Jill outs Mark as Jigsaw which he counters by mowing through a police station to get to her and end her life in a Reverse Beartrap like she had tried to use on him. As it looks like Hoffman is about to get away with it all, Dr. Lawrence Gordon, from all the way back from the original Saw, reveals himself as a new apprentice and finds Hoffman, finally putting an end to him.
Jigsaw (2017)
● Available on Peacock
Jigsaw can be watched without prior knowledge of all the other movies, but still adds to the story slightly. It takes place 10 years after the events of Saw III and Saw IV, with another apprentice rising after Jigsaw’s death.
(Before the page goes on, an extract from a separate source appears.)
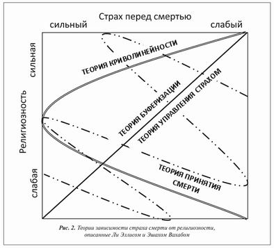 Теория буферизации (buffering theory) рассматривает религиозные представления и верования как своеобразный буфер, блокирующий или задерживающий опасения перед смертью. Основным аргументом здесь выступает отрицание тотального завершения человеческой жизни. Смерть — лишь портал для перехода в жизнь вечную[35] и наиболее значимый рубеж жизни текущей. Соответственно с ростом религиозности и сокращением неопределенности будущего должен снижаться страх перед смертью. Теория управления страхом (terror-management theory) опирается на социальные детерминанты снижения страха[36]. Чем более однородна и многочисленна группа приверженцев некоторой мировоззренческой позиции, тем меньше сомнений в ее правильности, тем больше уверенность в заключениях и выводах, построенных на ее основе. Так, доминирующие религиозные конфессии должны снижать уровень страха в социальной среде, структурируя представления о будущем своих апологетов. Теория управления страхом дает аналогичные теории буферизации предсказания относительно зависимости страха перед смертью от религиозности. Основное отличие, по мнению Эллиса и Ваха-ба, заключается в расширении дополнительных условий и большей объяснительной силе теории управления страхом[37]. В теории криволинейности (curvilinearity theory) отмечается, что вера в Бога не может давать гарантий потусторонней жизни. Верующий, но испытывающий сомнения в вере (что вполне естественно и распространено) человек остается в неведении, что будет происходить с ним после смерти (например, в христианской апологетике — попадет он в рай или ад). Поэтому страх перед смертью будет усиливаться среди людей, находящихся в промежуточной позиции между верой и безверием, не способных полностью принять религиозные догматы[38].

Much like how the story went with Hoffman, the ending allows the killer to get away with the promise of more games to come. However, with no explanation regarding the surprise reappearance of Dr. Gordon in Saw 3D and all of the acolytes that he appears to be working with, fans were not sufficiently impressed and the franchise would ultimately decide to move even further into reboot territory for its next installment.
Spiral: From the Book of Saw (2021)
● Available for purchase on Prime Video
While Spiral: From the Book of Saw clearly links itself to the original Saw timeline, it is the most independent of the stories from the franchise so far. John Kramer is only mentioned in hindsight, appearing as a picture on an evidence board in what is just part of the puzzle leading to the new killer who’s inspired by the methods of Jigsaw.
The new killer only targets people on–or retired from–the police force, bringing back the moral angle of the killings as it appears that the victims were all corrupt in some way. The movie doesn’t place itself anywhere in particular in relation to the original Saw timeline, though it can be surmised that it takes place after Jigsaw and contains the most recent occurrences in the long-running serial killer/copycat saga.
Though the movie ends in typical fashion for the series, with a last-minute twist setting up future sequels, it remains to be seen whether Spiral will prove to be a more solid foundation for a future compared to Jigsaw.